• **Records supplied**:
======

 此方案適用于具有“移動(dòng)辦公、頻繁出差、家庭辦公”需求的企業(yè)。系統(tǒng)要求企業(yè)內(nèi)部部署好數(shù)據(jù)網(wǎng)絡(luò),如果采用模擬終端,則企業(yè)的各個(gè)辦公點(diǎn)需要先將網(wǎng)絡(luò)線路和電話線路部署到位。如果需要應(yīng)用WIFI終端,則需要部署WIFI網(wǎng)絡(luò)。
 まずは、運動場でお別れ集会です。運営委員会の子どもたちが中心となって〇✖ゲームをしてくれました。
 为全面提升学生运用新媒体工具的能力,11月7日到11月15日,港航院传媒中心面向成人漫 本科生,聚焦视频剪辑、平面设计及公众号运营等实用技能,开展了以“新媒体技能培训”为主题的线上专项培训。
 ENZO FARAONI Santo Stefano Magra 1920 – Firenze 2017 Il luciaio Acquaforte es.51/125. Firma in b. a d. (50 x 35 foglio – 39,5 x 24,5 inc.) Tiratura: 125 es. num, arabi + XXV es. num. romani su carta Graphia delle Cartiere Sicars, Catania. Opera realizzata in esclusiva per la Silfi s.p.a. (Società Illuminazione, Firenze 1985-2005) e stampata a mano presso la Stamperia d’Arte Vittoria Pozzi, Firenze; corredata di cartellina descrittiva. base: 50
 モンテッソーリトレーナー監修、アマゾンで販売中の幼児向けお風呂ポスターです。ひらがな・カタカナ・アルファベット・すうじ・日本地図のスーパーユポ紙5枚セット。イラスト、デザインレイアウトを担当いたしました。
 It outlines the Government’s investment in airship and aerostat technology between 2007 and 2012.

======

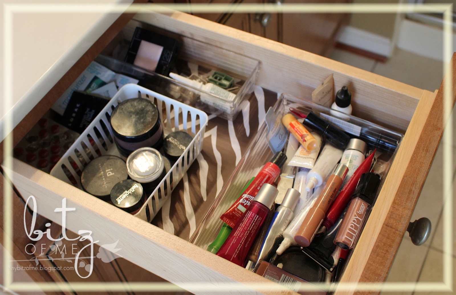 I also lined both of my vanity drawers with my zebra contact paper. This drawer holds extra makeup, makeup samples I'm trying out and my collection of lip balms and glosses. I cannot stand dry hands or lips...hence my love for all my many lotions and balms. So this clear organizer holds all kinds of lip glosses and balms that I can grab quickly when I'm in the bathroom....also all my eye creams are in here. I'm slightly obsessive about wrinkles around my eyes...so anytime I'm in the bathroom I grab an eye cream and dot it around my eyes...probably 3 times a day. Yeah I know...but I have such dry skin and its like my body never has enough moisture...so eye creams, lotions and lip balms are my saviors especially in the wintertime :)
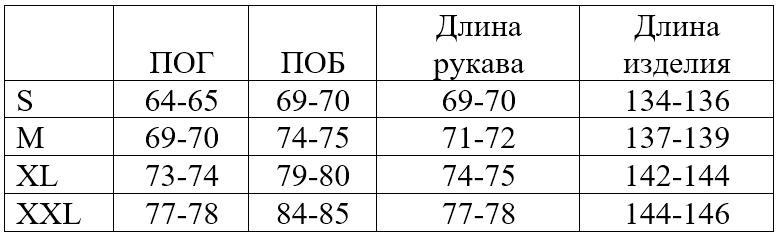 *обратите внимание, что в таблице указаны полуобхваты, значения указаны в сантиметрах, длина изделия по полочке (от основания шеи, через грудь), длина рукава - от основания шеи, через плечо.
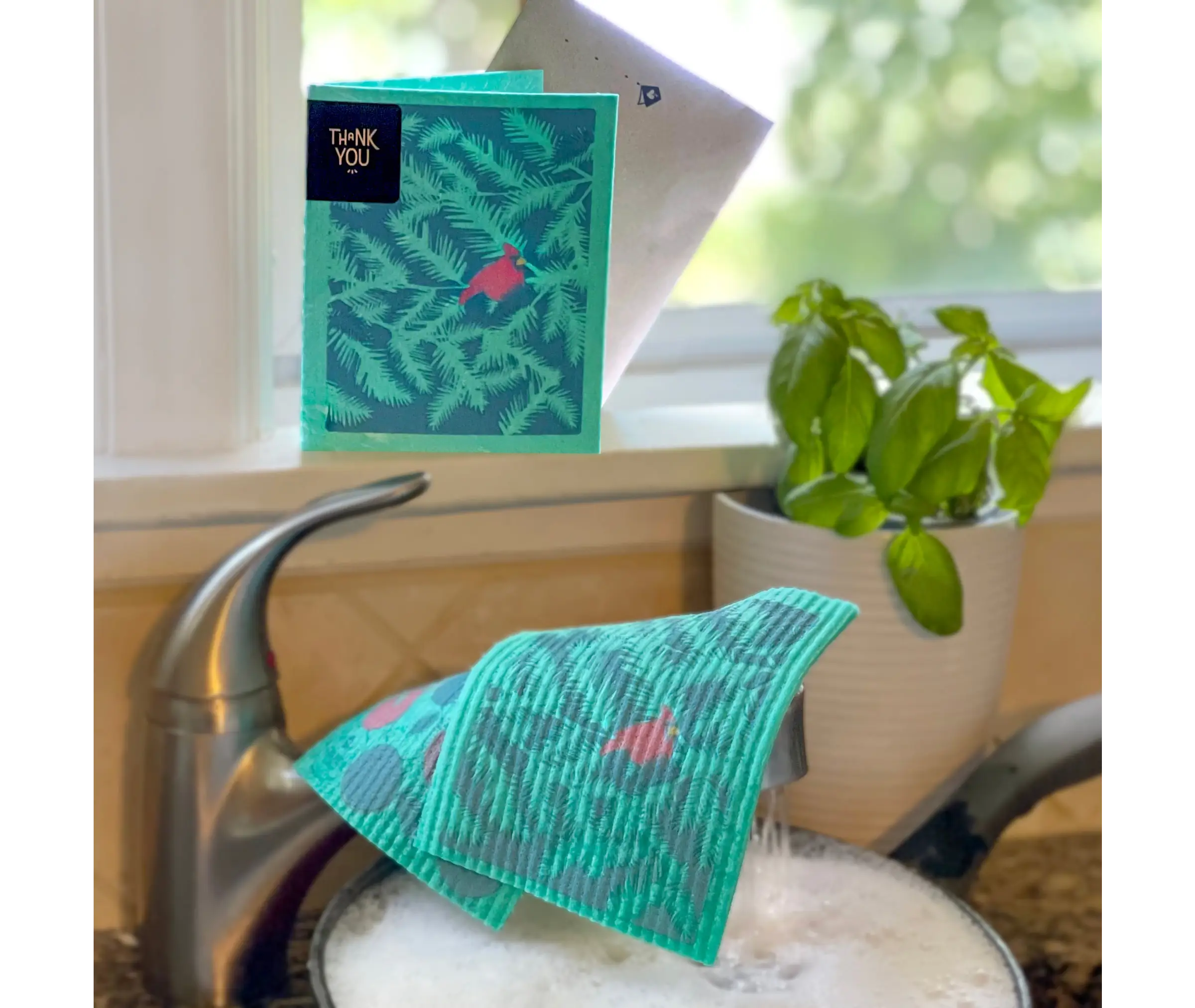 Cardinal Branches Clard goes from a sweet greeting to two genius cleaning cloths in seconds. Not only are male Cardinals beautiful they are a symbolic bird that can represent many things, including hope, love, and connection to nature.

======

• **Activity**:
From the records above, print exactly the lines that run from the line with "ENZO FARAONI Santo" to the line with "モンテッソーリトレーナー監修", inclusive.

• **Result**:
 ENZO FARAONI Santo Stefano Magra 1920 – Firenze 2017 Il luciaio Acquaforte es.51/125. Firma in b. a d. (50 x 35 foglio – 39,5 x 24,5 inc.) Tiratura: 125 es. num, arabi + XXV es. num. romani su carta Graphia delle Cartiere Sicars, Catania. Opera realizzata in esclusiva per la Silfi s.p.a. (Società Illuminazione, Firenze 1985-2005) e stampata a mano presso la Stamperia d’Arte Vittoria Pozzi, Firenze; corredata di cartellina descrittiva. base: 50
 モンテッソーリトレーナー監修、アマゾンで販売中の幼児向けお風呂ポスターです。ひらがな・カタカナ・アルファベット・すうじ・日本地図のスーパーユポ紙5枚セット。イラスト、デザインレイアウトを担当いたしました。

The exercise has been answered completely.